We prefer doing the cleaning in Steps, hopefully, these steps will help you when its time to clean and condition your leather goods.
Step 1. Clean
Leather bags and shoes are obviously more resistant to dirt than fabric versions, but that doesn’t mean that leather can’t still get filthy. It’s never a great idea to subject leather items to a soap-and-water cleaning, but using a little leather cleaner will work wonders. Our best selection of cleaners are Coach
These two cleaners are inexpensive, easy to use (apply with a soft cloth, let it sit for about a half-hour, then wipe off dirt and product residue with a clean, soft cloth, and you’re done), and will remove far more filth from your shoes and bags than you ever realized was there without damaging the leather at all. If your bags and boots are exposed on a regular basis to the salt that big cities use to melt snow and ice, frequent cleaning is a must, as salt can dry out and ruin your leather pieces in one single season.

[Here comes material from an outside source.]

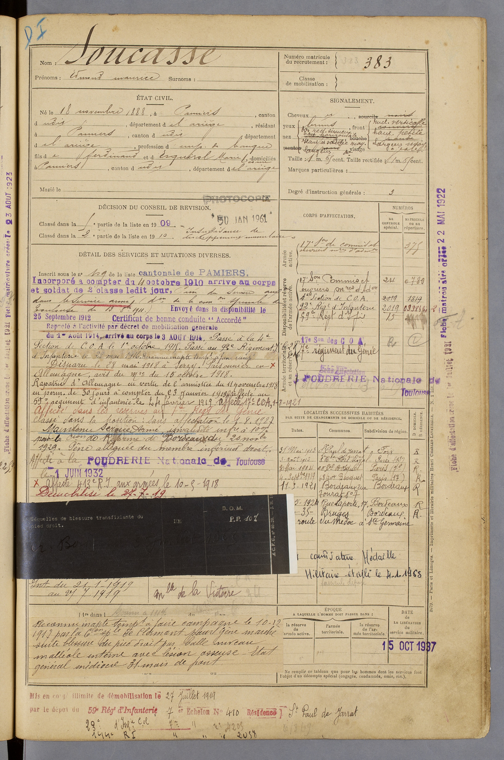 | Soucasse | Edmond Narcisse | FOIX | 129 W 42 | 1908 | Pamiers | Pamiers | 383 |

In most cases, using the inexpensive, alcohol-free baby wipes from Simple Skincare is enough to get a fresh dye stain out of leather. Work the wipe into the leather in firm circular motions, then let it dry overnight to see how much it removed. (It may seem as if it didn’t remove everything at first, but the stain will likely lighten up overnight as the product gets to work.)
If you’re still stuck with a stain, kick your efforts up a notch by using a leather cleaning wipe. I like these by Lord Sheraton.
If all else fails, it may be worth giving the nuclear option a try: Hit the stain with a Mr. Clean Eraser, taking care to go slow — and don’t use it any more than you need to in order to get the stain out, as it can tend to suck the oil out of leather. Conditioning afterward will help, but you always run the risk that your leather won’t be quite as shiny as it was before.
Step 2. Condition
Leather bags and shoes all started out life as a hide on an actual live animal, so they are prone to becoming dry, dull, and cracked. Unless you keep them conditioned and moisturized. Some modern leather goods are already coated with a sealant that gives them an invisible, impenetrable barrier against drying out, but it can deteriorate over time and you’ll want to make absolutely sure that the leather underneath remains in good shape, so conditioning is still a must.
The best product for conditioning high-end leather goods is Cadillac’s Select Leather Lotion,
This stuff brings back the smooth, supple feeling these items had when we bought them and never leaves a waxy buildup. It literally sinks into the leather’s pores and brings it roaring back to life.
For boots, shoes, belts, and larger leather travel bags that take a beating due to heavy use, we like this Moneysworth & Best all-in-one cleaner and conditioner, as it makes the whole maintenance process miles faster. We're usually against two-in-one products for leather care, as they are either way too harsh or just don’t do anything at all, but this one manages to be gentle yet effective at the same time.
Step 3. Protect
The word repellent
is a bit of a misnomer, though, as no product can completely keep the rain at bay; all you’re really doing is improving the item’s ability to withstand water. we like Apple’s silicone-based spray
over old-fashioned mink-oil-based waterproofers, as oil will almost always darken leather. Apply it in light coats using a wide, steady, sweeping motion, holding the can at least eight inches away from your bag or shoes, and allow it to dry a good 12 hours before using the item. It might look like it’s darkening or spotting your leather as it dries, but it will eventually dry perfectly clear. You’ll need to reapply it every year or so, depending on how much wear and tear your item gets.